Exercise aim: Taking the entries below, transcribe only the lines starting with the one with "Estuche plegable Samsung" and going on through the one with "connect to [192.168.45.211]", exactly as written, without the pictures.

Exercise materials:

§ §

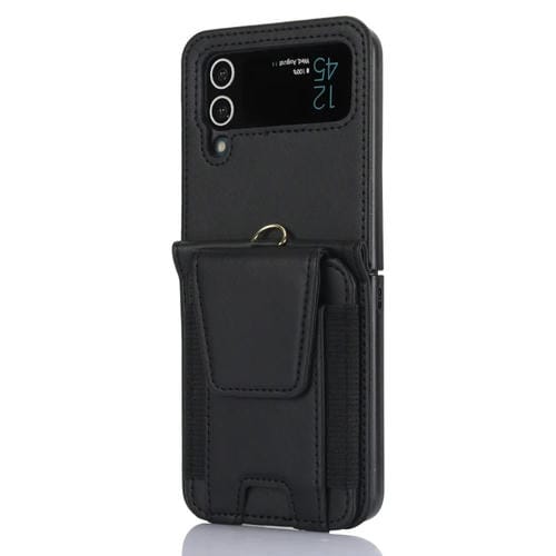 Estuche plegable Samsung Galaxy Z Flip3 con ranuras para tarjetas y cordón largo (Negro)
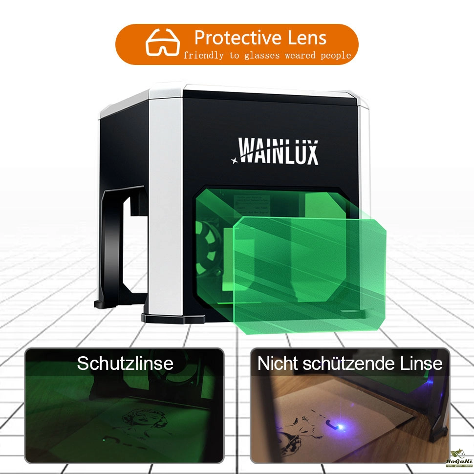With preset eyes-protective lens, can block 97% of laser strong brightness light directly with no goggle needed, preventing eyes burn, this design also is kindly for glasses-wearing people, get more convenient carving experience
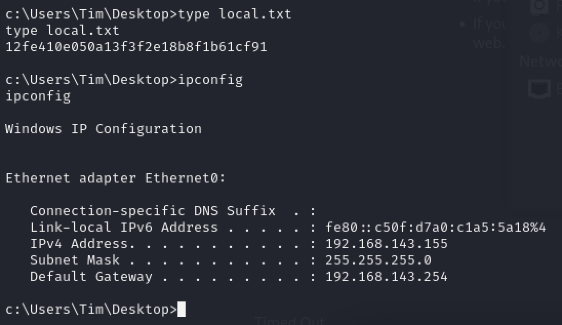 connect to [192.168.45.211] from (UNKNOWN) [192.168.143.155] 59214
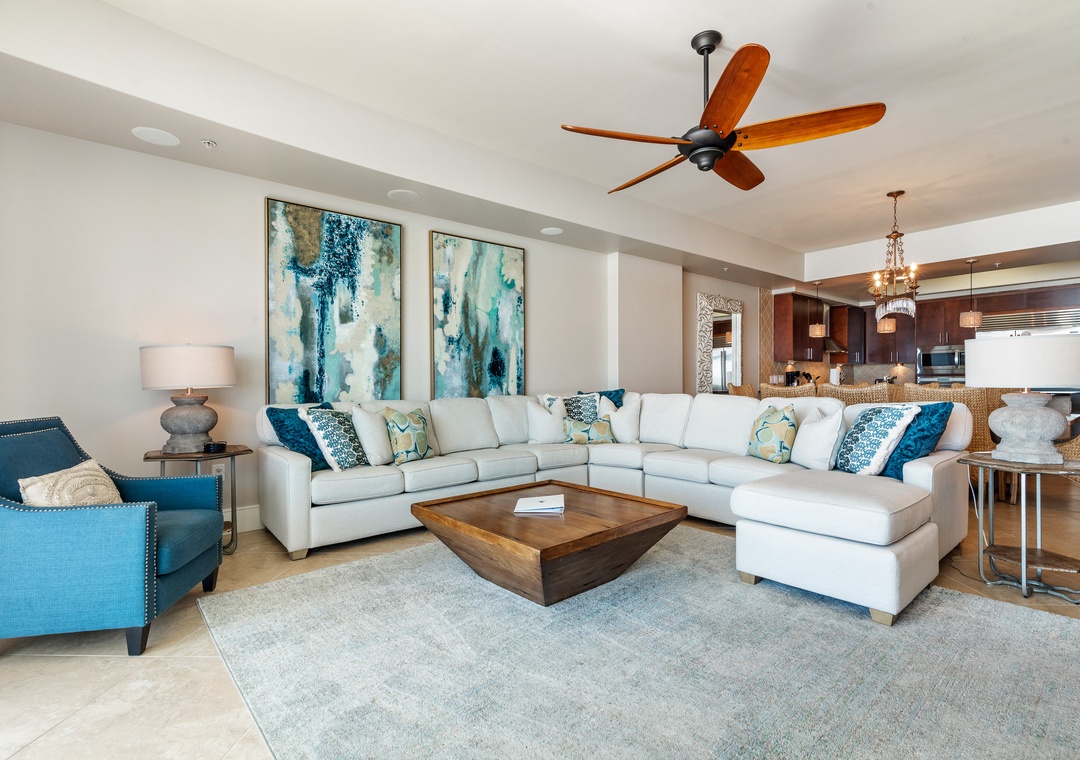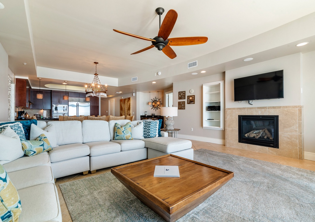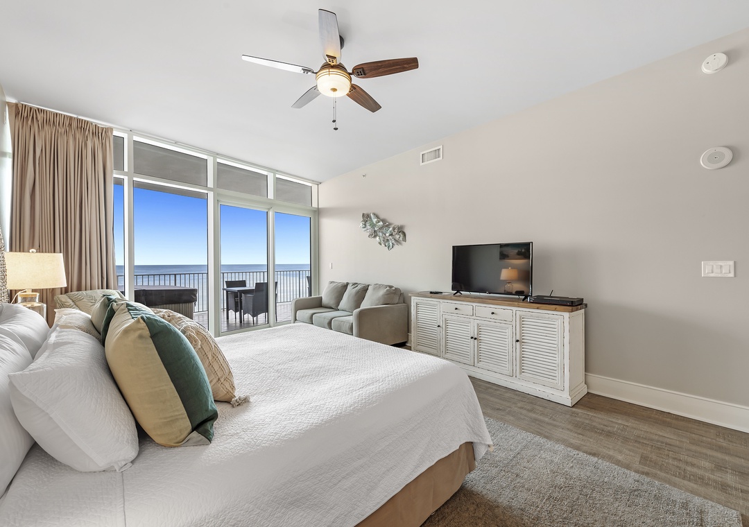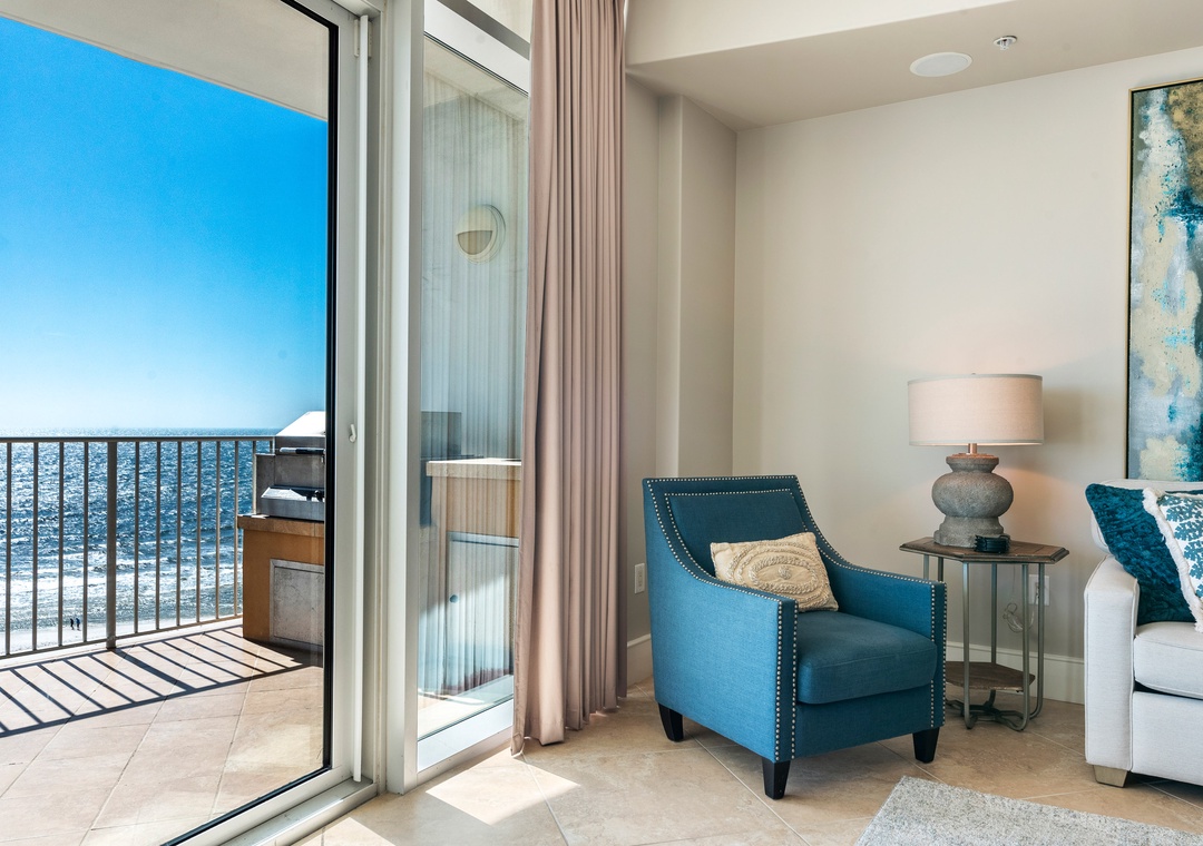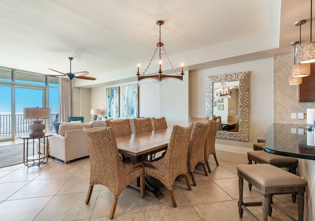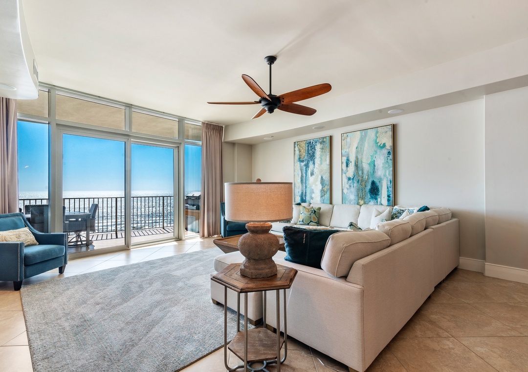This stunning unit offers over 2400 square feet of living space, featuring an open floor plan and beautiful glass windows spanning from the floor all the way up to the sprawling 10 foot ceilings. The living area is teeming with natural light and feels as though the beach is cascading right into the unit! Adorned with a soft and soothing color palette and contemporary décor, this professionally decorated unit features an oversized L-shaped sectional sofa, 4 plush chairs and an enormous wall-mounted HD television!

§ §

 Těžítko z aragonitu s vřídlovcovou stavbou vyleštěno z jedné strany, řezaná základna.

§ §

Answer to this problem:
 Estuche plegable Samsung Galaxy Z Flip3 con ranuras para tarjetas y cordón largo (Negro)
With preset eyes-protective lens, can block 97% of laser strong brightness light directly with no goggle needed, preventing eyes burn, this design also is kindly for glasses-wearing people, get more convenient carving experience
 connect to [192.168.45.211] from (UNKNOWN) [192.168.143.155] 59214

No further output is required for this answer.